## Your objective
The copy should begin at the line containing "Corporal Aaron Spivey" and end at the last line of the material. Please reproduce those lines exactly and keep pictures out.

## Collected material

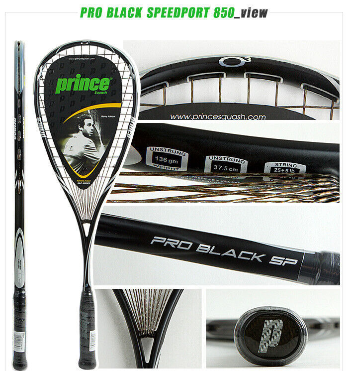 - Prince Pro Black Speedport 850 Squash Racquet Racket 136g 685mm 464sq.cm 16x16
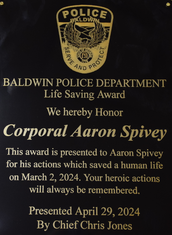 Corporal Aaron Spivey from the Baldwin Police Department and Officer Jackson Cooter from the Cornelia Police Department received a plaque from Chief Jones commending them for their actions.
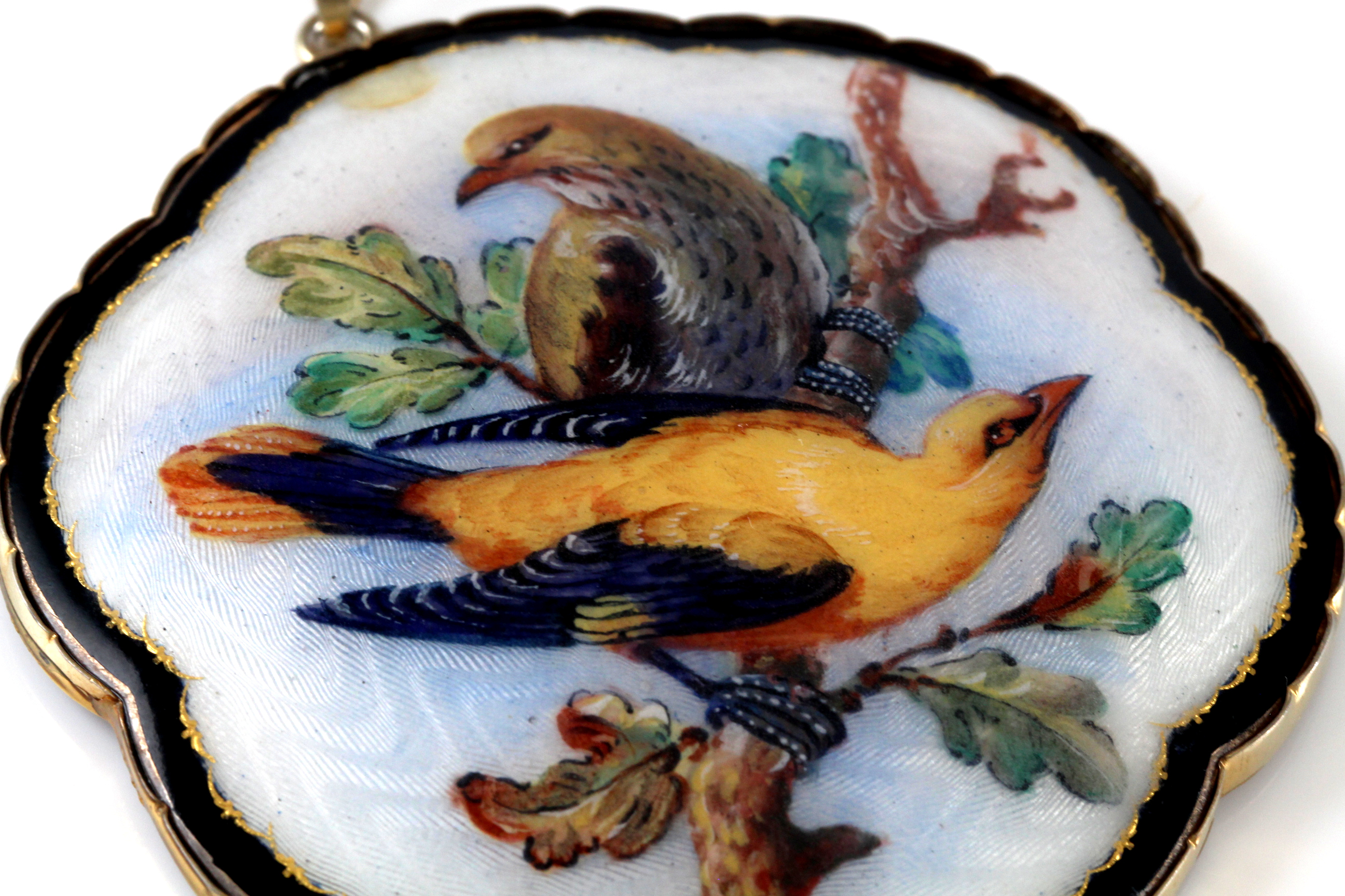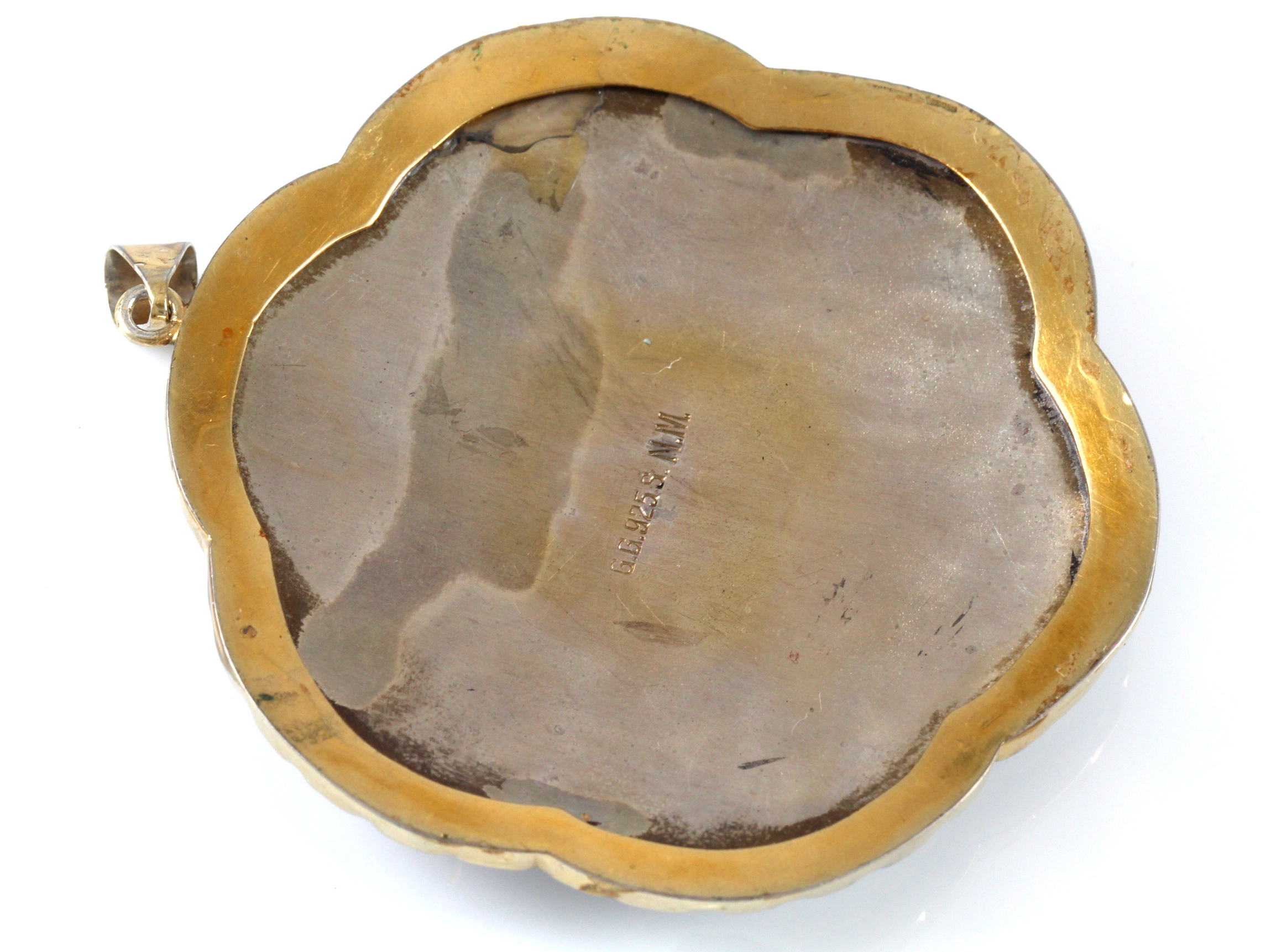 Opprinnelig en brosje produsert på Gustav Gaudernack sitt verksted. I ettertid har noen fjernet nåla, satt på en ramme og omgjort til anheng. Den er i fin skikk, men med bruksriper og et 0,5 mm avslag nederst. Det er en limrest på brosjen øverst. 6,5 x 6,8 cm stor

## Solved exercise
 Corporal Aaron Spivey from the Baldwin Police Department and Officer Jackson Cooter from the Cornelia Police Department received a plaque from Chief Jones commending them for their actions.
 Opprinnelig en brosje produsert på Gustav Gaudernack sitt verksted. I ettertid har noen fjernet nåla, satt på en ramme og omgjort til anheng. Den er i fin skikk, men med bruksriper og et 0,5 mm avslag nederst. Det er en limrest på brosjen øverst. 6,5 x 6,8 cm stor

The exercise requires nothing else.